[Exercise materials — start]

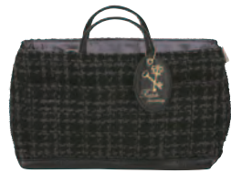
775103 Tweed-gry JAN: 4980862 775130 チャーム付

サイズ: W25×H15×D7cm 持ち手: 長さ13cm 高さ約3.5cm 素材: 表地/合成皮革 裏地/ポリエステル 生産国: 中国 ポケット: 外側6箇所(うちファスナー付1箇所)、内側3箇所(うちファスナー付1箇所)
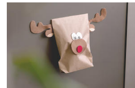
DIY Gift Bags with magnetic closure
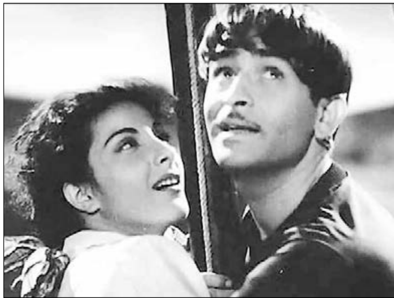
Эту пару на экране зрители воспринимали как супружескую — их роман за кадром трудно было скрыть. Когда же Наргис вышла замуж, переживал не только Радж, но и многомиллионные толпы поклонников «сладкой парочки».

Это проявилось уже в «Сангаме» — первом в его карьере цветном фильме, снятом в 1964 году. Правда, сам Радж изменений не замечал — он был слишком занят. Со дня основания «Радж Капур филмс»
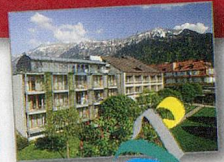
Hotel Artos Interlaken Erholung pur!

1 × 3 Nächte für 2 Personen im Hotel Artos*** Interlaken im Wert von CHF 750.–!
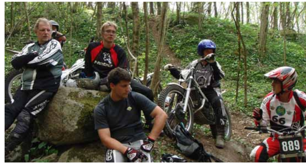
Die müden Krieger bei einer verdienten Pause.

19 Uhr hatten wir auch das letzte und langweiligste Stück Weg hinter uns gelassen und waren angekommen!
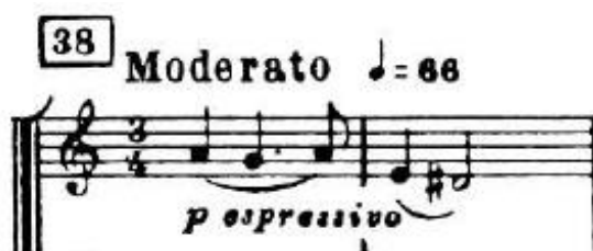
4.2.1. Tematski materijal A

Drugi stavak skladan je u ABACAB obliku, što je prikaz vrlo jasne formalne strukture koja se također može analizirati kao ternarni oblik (tema A kao ritornello ). 5 Smješten u tonalitetu a-mola, ovaj stavak udaljen je za tritonus od Es-dura Allegretta , što je pola tona razlike od inače tradicionalne subdominante drugog stavka. Za razliku od prominentnih drvenih puhača u prvom stavku, u Moderatu veći je fokus na dionice gudača, što pruža miran i mračni ugođaj stavka sve do 115. takta. Orkestralni uvod sastoji se od tematskog materijala A koji sadrži ritam karakterističan za sarabande ples; od tri dobe u taktu naglasak je na drugu. Tematski materijal A pojavljuje se samo kao orkestralni tutti i nikada u dionici violončela solo, koje iznosi tematski materijal B u 16. taktu. Materijal B dijatonski je i sadrži folklorne karakteristike.

[Exercise materials — finish]

■ **Task**:
Copy every entry above exactly as it stands, but leave the pictures out.

■ **Exercise answer**:
775103 Tweed-gry JAN: 4980862 775130 チャーム付

サイズ: W25×H15×D7cm 持ち手: 長さ13cm 高さ約3.5cm 素材: 表地/合成皮革 裏地/ポリエステル 生産国: 中国 ポケット: 外側6箇所(うちファスナー付1箇所)、内側3箇所(うちファスナー付1箇所)
DIY Gift Bags with magnetic closure
Эту пару на экране зрители воспринимали как супружескую — их роман за кадром трудно было скрыть. Когда же Наргис вышла замуж, переживал не только Радж, но и многомиллионные толпы поклонников «сладкой парочки».

Это проявилось уже в «Сангаме» — первом в его карьере цветном фильме, снятом в 1964 году. Правда, сам Радж изменений не замечал — он был слишком занят. Со дня основания «Радж Капур филмс»
Hotel Artos Interlaken Erholung pur!

1 × 3 Nächte für 2 Personen im Hotel Artos*** Interlaken im Wert von CHF 750.–!
Die müden Krieger bei einer verdienten Pause.

19 Uhr hatten wir auch das letzte und langweiligste Stück Weg hinter uns gelassen und waren angekommen!
4.2.1. Tematski materijal A

Drugi stavak skladan je u ABACAB obliku, što je prikaz vrlo jasne formalne strukture koja se također može analizirati kao ternarni oblik (tema A kao ritornello ). 5 Smješten u tonalitetu a-mola, ovaj stavak udaljen je za tritonus od Es-dura Allegretta , što je pola tona razlike od inače tradicionalne subdominante drugog stavka. Za razliku od prominentnih drvenih puhača u prvom stavku, u Moderatu veći je fokus na dionice gudača, što pruža miran i mračni ugođaj stavka sve do 115. takta. Orkestralni uvod sastoji se od tematskog materijala A koji sadrži ritam karakterističan za sarabande ples; od tri dobe u taktu naglasak je na drugu. Tematski materijal A pojavljuje se samo kao orkestralni tutti i nikada u dionici violončela solo, koje iznosi tematski materijal B u 16. taktu. Materijal B dijatonski je i sadrži folklorne karakteristike.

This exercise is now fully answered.